Fig. 2 is the first conductor layer schematic top plan view of the present invention.
Fig. 3 is the second conductor layer schematic top plan view of the present invention.
Fig. 4 is the 3rd conductor layer schematic top plan view of the present invention.
Fig. 5 is the 4th conductor layer schematic top plan view of the present invention.
Fig. 6 is the frequency response characteristic figure of band pass filter embodiment of the present invention.
Embodiment
For the technical scheme of the embodiment of the invention more clearly is described, below in conjunction with accompanying drawing concrete enforcement of the present invention is described further, but enforcement of the present invention is not limited thereto.
As shown in Figure 1, the embodiment of the invention provides a kind of wide stopband LTCC second-order bandpass filter based on the magneto-electric coupled technology that disappears mutually, whole filter is the LTCC sandwich construction, be made up of four layers of medium substrate and four layers of conductor layer: first conductor layer is positioned at the first medium substrate surface, second conductor layer is between first medium substrate 1 and second medium substrate 2, the 3rd conductor layer is between second medium substrate 2 and the 3rd medium substrate 3, and the 4th conductor layer is between the 3rd medium substrate 3 and the 4th medium substrate 4; Four layers of medium substrate are LTCC ceramic dielectric substrate, first conductor layer is printed on first medium substrate, 1 upper surface, second conductor layer is printed on second medium substrate, 2 upper surfaces, and the 3rd conductor layer is printed on the 3rd medium substrate 3 upper surfaces, and the 4th conductor layer is printed on the 4th medium substrate 4 upper surfaces.

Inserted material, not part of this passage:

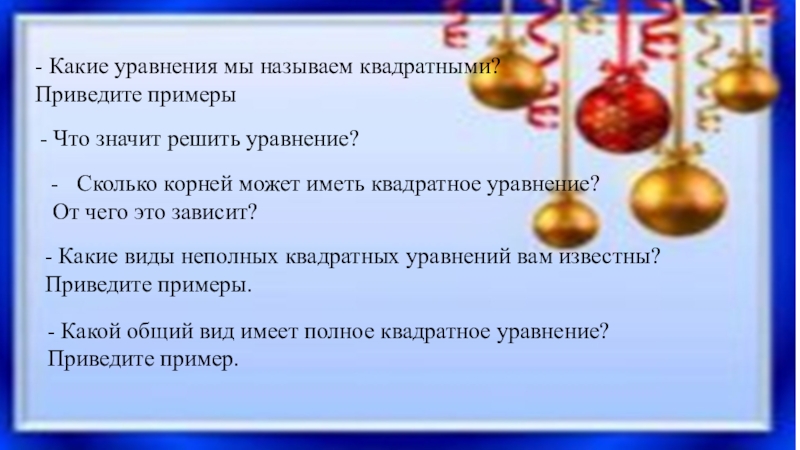 - Какие виды неполных квадратных уравнений вам известны? Приведите примеры.

As shown in Figure 2, the ground floor metallic conductor is made up of the identical feed structure of a pair of structure, being the mirror image symmetry places, each feed structure is by a feed paster 5, a CPW feed mouth 6 and a L type metal micro-strip line 7 constitute, L type metal micro-strip line 7 is connected feed paster 5 near a side of symmetrical centre, and constitute source loads coupling with the L type metal micro-strip line 7 of symmetrical centre another side, the source load is coupling in the passband left side and has produced a transmission zero, the spacing of regulating coupling between the two can change the intensity of source load coupling, thereby changes the position at zero point, the passband left side; CPW feed mouth is connected to floor 9 by ground metallization via hole 11; In addition, feed paster 5 and realize that by broadside coupled mode the energy between feed end and the resonator transmits changes the size of feed paster and the size that the position can change outside Q value, and outside Q value and resonator coupling coefficient K have determined filter bandwidht jointly.

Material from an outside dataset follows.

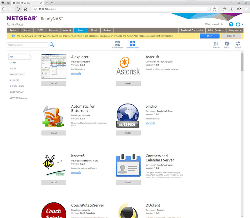 Like many NAS units, the RN524X also offers additional applications for users to install. The app library is not as extensive as some other offerings, but many are useful.

As shown in Figure 3, the short-circuit end of two quarter-wave resonance devices is arranged symmetrically in the second layer metal conductor, end at the resonator of this one deck is connected to the 4th conductor layer by the second metallization via hole 13, the 4th conductor layer is resonator open end place layer, the second metallization via hole 13 has passed the perforate 14 above the floor layer, does not have direct physics to contact with the floor; The short-circuit end of resonator is connected to the floor by the second metallization via hole 13.The short-circuit end of two resonators constitutes the limit coupling, the length L 13 of the metal micro-strip line by regulating coupling unit and the coupling width W 3 between them can be regulated electromagnetic coupled intensity, because coupling unit is the resonator short-circuit end, so electromagnetic coupled is based on magnetic coupling interaction, rectangular broken line is irised out among Fig. 3 is magnetic coupling zone, limit.
As shown in Figure 4, the 3rd conductor layer is metal floor 9, two perforates 14 are arranged above, the second metallization via hole 13 that connects second layer conductor and the 4th layer of conductor passes from these two perforates, the radius of these two perforates is greater than the second metallization via hole 13, so just guarantees that the metallization via hole can not have physical connection with metal floor 9.Be connected two the first metallization via holes 12 that are connected with the second conductor layer resonator short-circuit end in addition on the metal floor, the four grounded metallization via hole 11 that is connected with the first conductor layer CPW feed mouth.
As shown in Figure 5, the open end of two quarter-wave resonance devices is arranged symmetrically in the 4th conductor layer, and an end of the resonator of this one deck is connected to second conductor layer by the second metallization via hole 13.The open end of two resonators constitutes the limit coupling, the length L 16 of the metal micro-strip line of coupling unit and the coupling width W 5 between them can be regulated electromagnetic coupled intensity, coupling unit is the resonator open end, act as the master with electric coupling, and rectangular broken line is irised out among Fig. 5 is electric coupling zone, limit.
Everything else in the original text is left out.